Exercise details => Word-for-word reproduction, images excluded: copy every entry below.

Stored records:
● ● ● ● ● ● ●

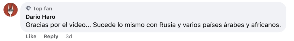 阿根廷網(wǎng)友達里奧·哈羅說:“感謝這條視頻,他們正在針對俄羅斯做類似的抹黑,以及針對很多阿拉伯和非洲國家?!?/p>
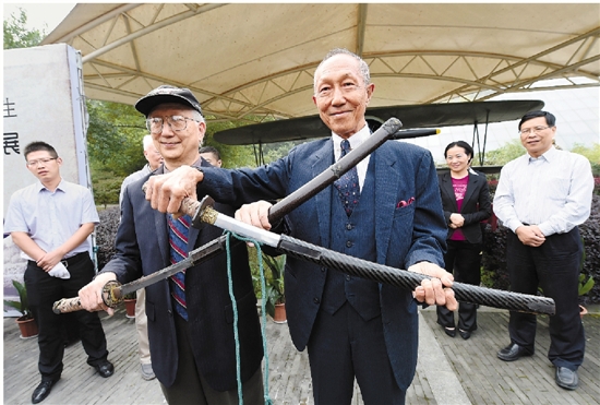 10月25日,南京抗日航空烈士纪念馆获赠1945年日本投降时驻台湾日军将领献降的两把军刀,并在馆内公开展示。这两把献降刀是日本战国时期武士刀中的名刀,由当年中国战区台湾省受降工作及受降典礼参与者林文奎的儿子林中斌、林中明捐赠给南京抗日航空烈士纪念馆。图为林中斌(前右)、林中明展示他们捐赠的日军献降刀。
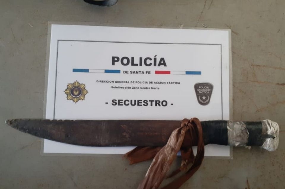 Se trataba de un machete de 43 centímetros de largo compuesto por una hoja de 31 centímetros y  una empuñadura casera con cinta aisladora y bolsa plástica.
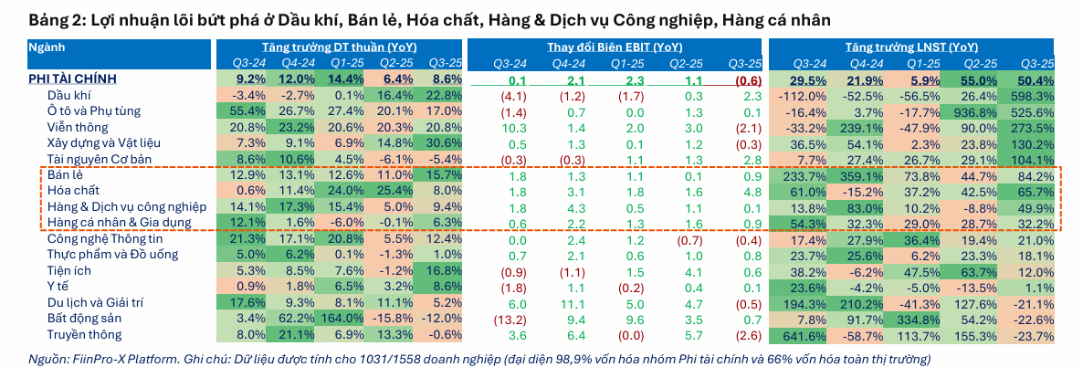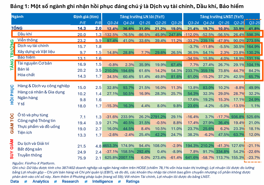 Tăng trưởng cao được ghi nhận ở các ngành Dầu khí (PVS, PVD, TOS) nhờ nền so sánh thấp và sự hồi phục ở chuỗi khai thác – dịch vụ; Viễn thông (VGI); Vật liệu & Xây dựng (VCG, SJG, BMP, PC1, CTD); Bán lẻ (MWG, FRT) nhờ cải thiện hiệu quả vận hành và hồi phục sức mua; và Bảo hiểm (BVH, PVI, MIG) trên nền so sánh thấp. Ngành Hàng cá nhân (PNJ) bứt tốc nhờ biên lợi nhuận cải thiện mạnh mẽ.
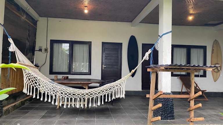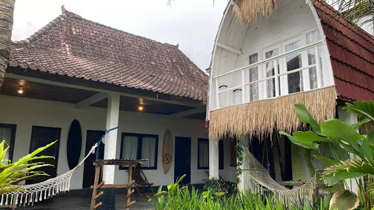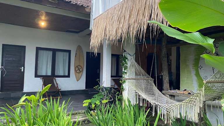 Medewi good vibes stay&surf bietet Übernachtungsmöglichkeiten mit einem Garten, einem kostenlosen Privatparkplatz und einer Terrasse. Die Unterkunft wird von einem privaten Gastgeber geführt und bietet eine Gemeinschaftsküche sowie kostenloses WLAN in allen Bereichen. Es gibt eine Mindestalter für den Check-in von 18 Jahren, während Haustiere erlaubt sind, möglicherweise jedoch Gebühren anfallen.
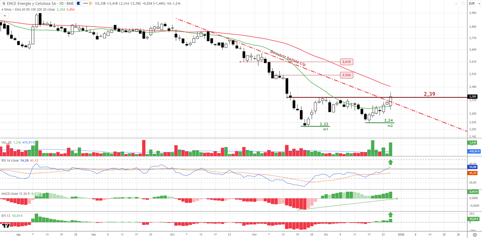 Ence presenta una de las mejoras técnicas más claras de las últimas sesiones. El valor ha conseguido superar una resistencia relevante y situarse por encima de la media móvil de corto plazo, lo que supone un primer paso importante tras un tramo claramente bajista. Este movimiento se ha producido acompañado de un aumento significativo del volumen, un factor clave que aporta mayor fiabilidad a la ruptura.
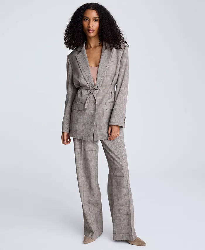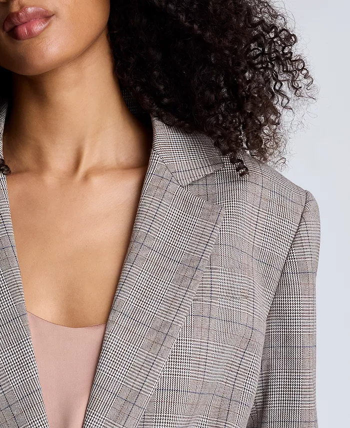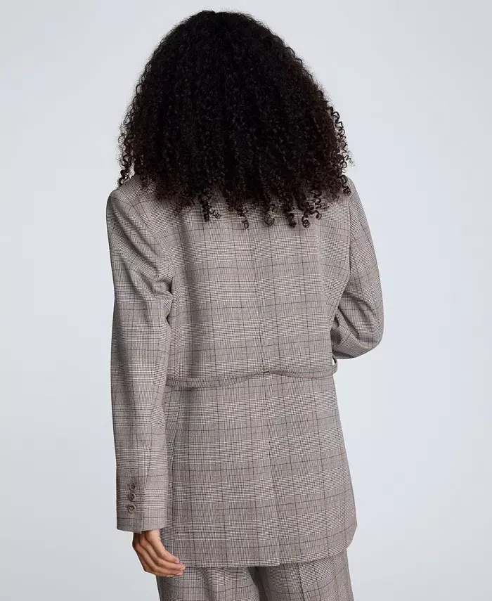 Этот элегантный и универсальный клетчатый блейзер от Kenneth Cole застёгивается на одну пуговицу для создания элегантного образа, а пояс из той же ткани подчеркивает талию, создавая изящный силуэт. Он идеально подходит для многослойного образа, легко сочетая структуру и стиль, обеспечивая уверенность в себе на весь день.
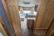 Onboard systems include gas and electric heating and hot water, along with two 6kg propane bottles, two leisure batteries, and a 1000W inverter. It also features a solar panel, reversing camera, wind-out awning, and tow bar, offering flexibility for both on-grid and off-grid camping. Standard electric hook-up. The exterior shows signs of age-related wear and tear consistent with its year and mileage.
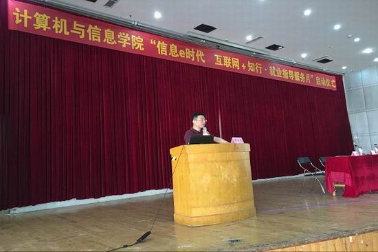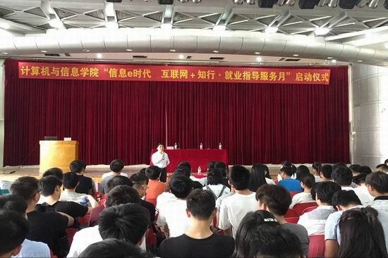 5月10日下午,公司举办了“信息e时代,互联+知行”2018届毕业生创业就业指导服务月启动仪式。公司副经理杨学志、公司党委副书记何庆领、年级辅导员及2014级全体同学参加了仪式。
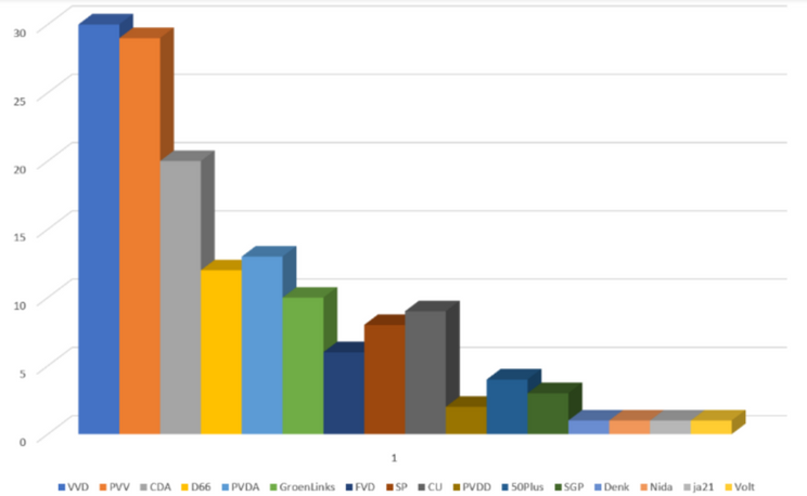 In een nieuwe peiling maakt de PVV een flinke sprong voorwaarts, en weet de beweging van Geert Wilders bijna de VVD van Mark Rutte van de troon te stoten. 29 zetels gaat de PVV halen, als het aan de big data-peiling van IT-ondernemer Eduard Nandelall ligt. De VVD blijft nog maar nipt de eerste, met slechts één zetel meer: 30. Ook komen Volt, Nida, JA21 en wellicht zelfs Lijst 30 van Willem Engel de Kamer binnen, zo luidt de opvallende prognose. De meeste
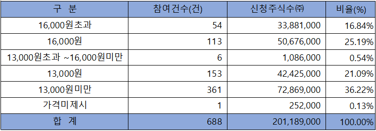 수요예측 참여 건수는 총 688건에 신청 주식수 201,189,000주로, 참여 경쟁률 191.61 : 1의 매우 저조한 실적을 기록했습니다. 희망 공모가격 상단 이상 신청 비율이 42.03%였지만, 하단 이하 신청 비율이 57.31%에 달해 이것이 희망 공모가를 끌어내리는 요인으로 작용한 것으로 보입니다.
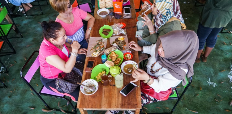 The tables and chairs at Soto Cokro Kembang in Indonesia’s cultural capital Yogyakarta sit in ankle-deep water, home to thousands of little fish that nibble dead skin off the feet of diners.
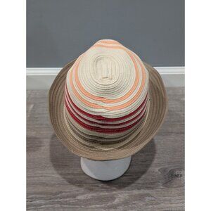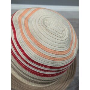 Calvin Klein Women's Striped Fedora Straw Hat Tan Red Orange Summer Lightweight. Please let me know if you have any questions. Thanks for looking!
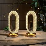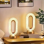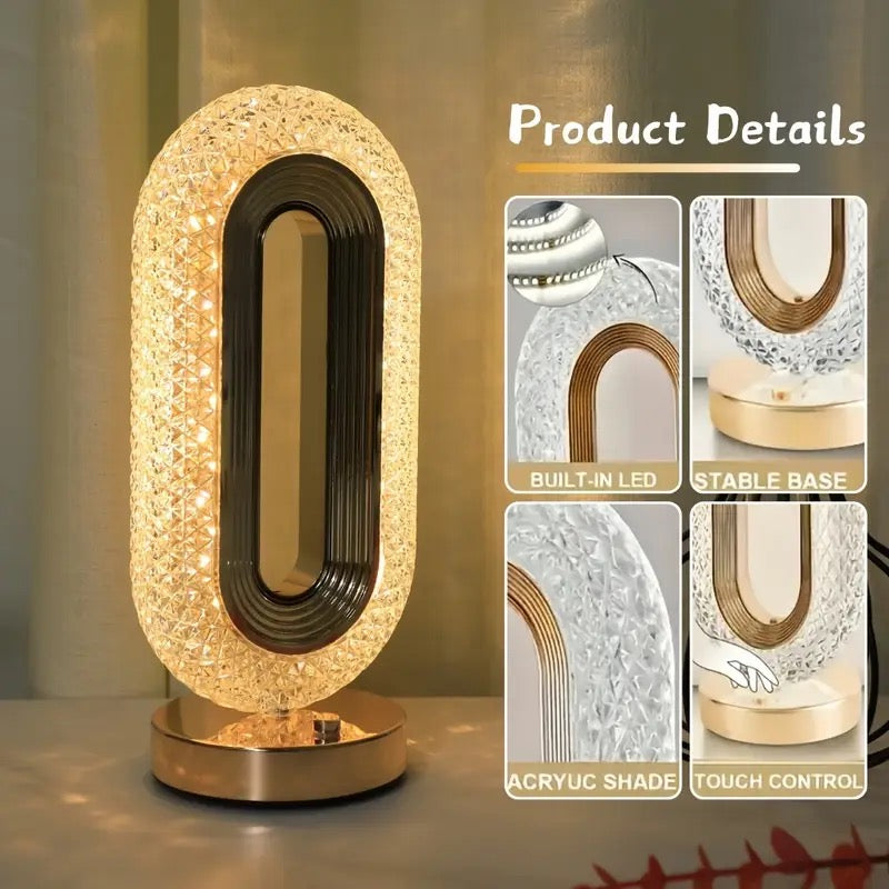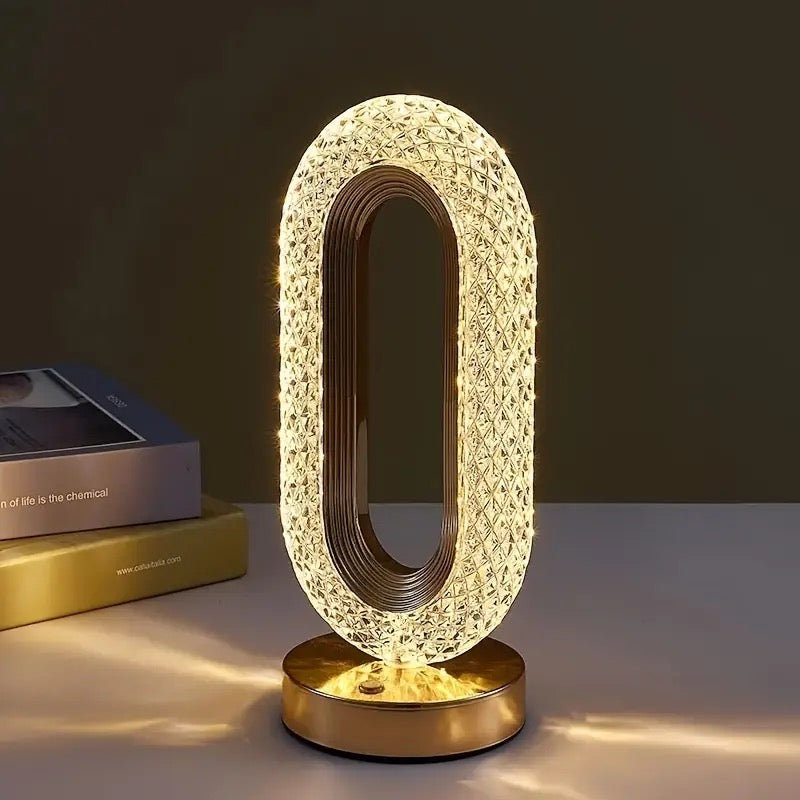 Crafted with a shimmering crystal design and soft golden glow, this sculptural table lamp transforms any room into a cozy sanctuary. Its oval silhouette radiates elegance and warmth — a true centerpiece that catches the light and the eye.

● ● ● ● ● ● ●

Written response =>
 阿根廷網(wǎng)友達里奧·哈羅說:“感謝這條視頻,他們正在針對俄羅斯做類似的抹黑,以及針對很多阿拉伯和非洲國家?!?/p>
 10月25日,南京抗日航空烈士纪念馆获赠1945年日本投降时驻台湾日军将领献降的两把军刀,并在馆内公开展示。这两把献降刀是日本战国时期武士刀中的名刀,由当年中国战区台湾省受降工作及受降典礼参与者林文奎的儿子林中斌、林中明捐赠给南京抗日航空烈士纪念馆。图为林中斌(前右)、林中明展示他们捐赠的日军献降刀。
 Se trataba de un machete de 43 centímetros de largo compuesto por una hoja de 31 centímetros y  una empuñadura casera con cinta aisladora y bolsa plástica.
 Tăng trưởng cao được ghi nhận ở các ngành Dầu khí (PVS, PVD, TOS) nhờ nền so sánh thấp và sự hồi phục ở chuỗi khai thác – dịch vụ; Viễn thông (VGI); Vật liệu & Xây dựng (VCG, SJG, BMP, PC1, CTD); Bán lẻ (MWG, FRT) nhờ cải thiện hiệu quả vận hành và hồi phục sức mua; và Bảo hiểm (BVH, PVI, MIG) trên nền so sánh thấp. Ngành Hàng cá nhân (PNJ) bứt tốc nhờ biên lợi nhuận cải thiện mạnh mẽ.
 Medewi good vibes stay&surf bietet Übernachtungsmöglichkeiten mit einem Garten, einem kostenlosen Privatparkplatz und einer Terrasse. Die Unterkunft wird von einem privaten Gastgeber geführt und bietet eine Gemeinschaftsküche sowie kostenloses WLAN in allen Bereichen. Es gibt eine Mindestalter für den Check-in von 18 Jahren, während Haustiere erlaubt sind, möglicherweise jedoch Gebühren anfallen.
 Ence presenta una de las mejoras técnicas más claras de las últimas sesiones. El valor ha conseguido superar una resistencia relevante y situarse por encima de la media móvil de corto plazo, lo que supone un primer paso importante tras un tramo claramente bajista. Este movimiento se ha producido acompañado de un aumento significativo del volumen, un factor clave que aporta mayor fiabilidad a la ruptura.
 Этот элегантный и универсальный клетчатый блейзер от Kenneth Cole застёгивается на одну пуговицу для создания элегантного образа, а пояс из той же ткани подчеркивает талию, создавая изящный силуэт. Он идеально подходит для многослойного образа, легко сочетая структуру и стиль, обеспечивая уверенность в себе на весь день.
 Onboard systems include gas and electric heating and hot water, along with two 6kg propane bottles, two leisure batteries, and a 1000W inverter. It also features a solar panel, reversing camera, wind-out awning, and tow bar, offering flexibility for both on-grid and off-grid camping. Standard electric hook-up. The exterior shows signs of age-related wear and tear consistent with its year and mileage.
 5月10日下午,公司举办了“信息e时代,互联+知行”2018届毕业生创业就业指导服务月启动仪式。公司副经理杨学志、公司党委副书记何庆领、年级辅导员及2014级全体同学参加了仪式。
 In een nieuwe peiling maakt de PVV een flinke sprong voorwaarts, en weet de beweging van Geert Wilders bijna de VVD van Mark Rutte van de troon te stoten. 29 zetels gaat de PVV halen, als het aan de big data-peiling van IT-ondernemer Eduard Nandelall ligt. De VVD blijft nog maar nipt de eerste, met slechts één zetel meer: 30. Ook komen Volt, Nida, JA21 en wellicht zelfs Lijst 30 van Willem Engel de Kamer binnen, zo luidt de opvallende prognose. De meeste
 수요예측 참여 건수는 총 688건에 신청 주식수 201,189,000주로, 참여 경쟁률 191.61 : 1의 매우 저조한 실적을 기록했습니다. 희망 공모가격 상단 이상 신청 비율이 42.03%였지만, 하단 이하 신청 비율이 57.31%에 달해 이것이 희망 공모가를 끌어내리는 요인으로 작용한 것으로 보입니다.
 The tables and chairs at Soto Cokro Kembang in Indonesia’s cultural capital Yogyakarta sit in ankle-deep water, home to thousands of little fish that nibble dead skin off the feet of diners.
 Calvin Klein Women's Striped Fedora Straw Hat Tan Red Orange Summer Lightweight. Please let me know if you have any questions. Thanks for looking!
 Crafted with a shimmering crystal design and soft golden glow, this sculptural table lamp transforms any room into a cozy sanctuary. Its oval silhouette radiates elegance and warmth — a true centerpiece that catches the light and the eye.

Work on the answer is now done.